Who is Freddy’s chosen target, in this image?
It doesn’t put me in a good light, but I’ll say it anyway, because it’s the truth: his mother, Kaitlin.
I see Freddy, with his curly black hair and pixie face, take aim and fire at her heart –
zoooshhh
–
and I hear her cry of shock.
One of my chief coping mechanisms, in mental emergencies, involves origami: I carry an imaginary sheaf of delicate rice paper in my head, in a range of shades, to fold into classical shapes. When the image of Freddy shooting Kaitlin first reared up I swiftly folded eleven of the Japanese cranes known as
ozuru,
but I couldn’t banish it. Kaitlin used to call me, affectionately, an ‘incurable materialist’. Later, this changed to ‘a robot made of meat’. This is unfair. I’m not a machine. I feel things. I just register them differently. The story of the pyjama-clad killer and the unwelcome images it inspired rocked my equilibrium.
After she confessed to her affair, and its excruciating nature, and the lies (‘white lies’, she insisted) that she’d told to cover it, Kaitlin and I stuck it out for a while, at her insistence. This involved a form of mental torture known as relationship counselling.
What do you most admire about Kaitlin, Hesketh?
Kaitlin, can you identify what attracted you to Hesketh when you first met?
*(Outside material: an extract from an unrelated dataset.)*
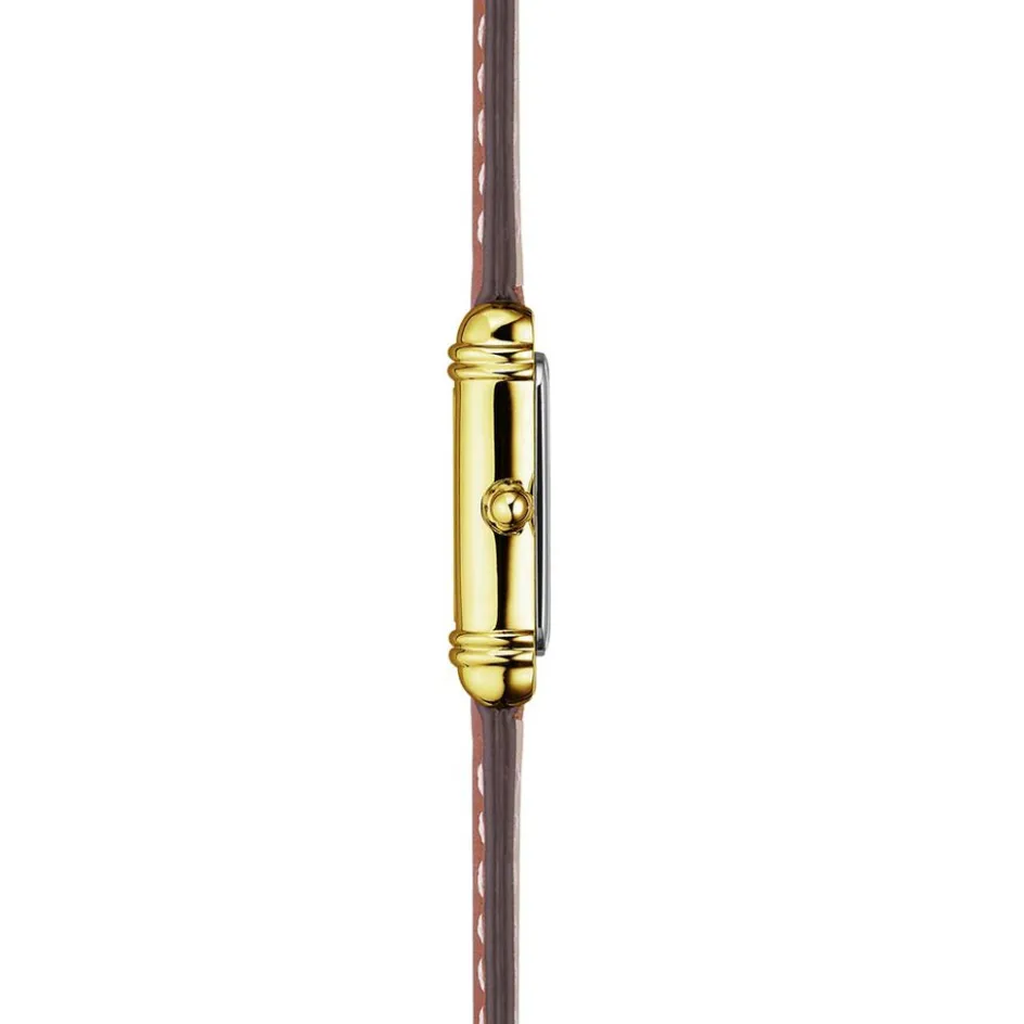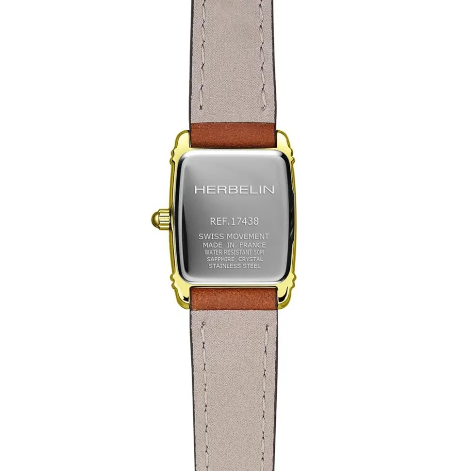 Montre Herbelin Art Deco Acier Inoxydable Doré Quartz Rectangulaire 17,8X19,4Mm Fond Argenté Bracelet Cuir De Veau Marron 17438P1N22Gd

As well as being irrelevant to the issue in hand, it was purposeless. There are certain things I am not cut out to do. Fieldwork, my mentor Professor Whybray always told me, was ‘very probably’ one of them. Sharing my life with a woman, I’d long suspected, was another. The fact that my first and only attempt had ended in failure confirmed it definitively. I would not be trying again. I moved away from London and the home Kaitlin still shared with Freddy. I have always been fascinated by islands, both linguistically and because of the social-Darwinian speculations they invite, so Arran suited me perfectly. That said, I saw few people: the cottage stood alone, five miles from the nearest village, in a landscape of sea and heather, boulders and sheep. Here, with the capital far behind me, I took strategic command of myself by developing a ritualised schedule of work and half-hour walks, began work on an ambitious origami mollusc project, and trained myself to think of Kaitlin in the past tense. But nothing could fill the vacuum left by the boy.
‘Look at me properly. In the eye,’ Kaitlin used to say, at the climax of a fight, or sex.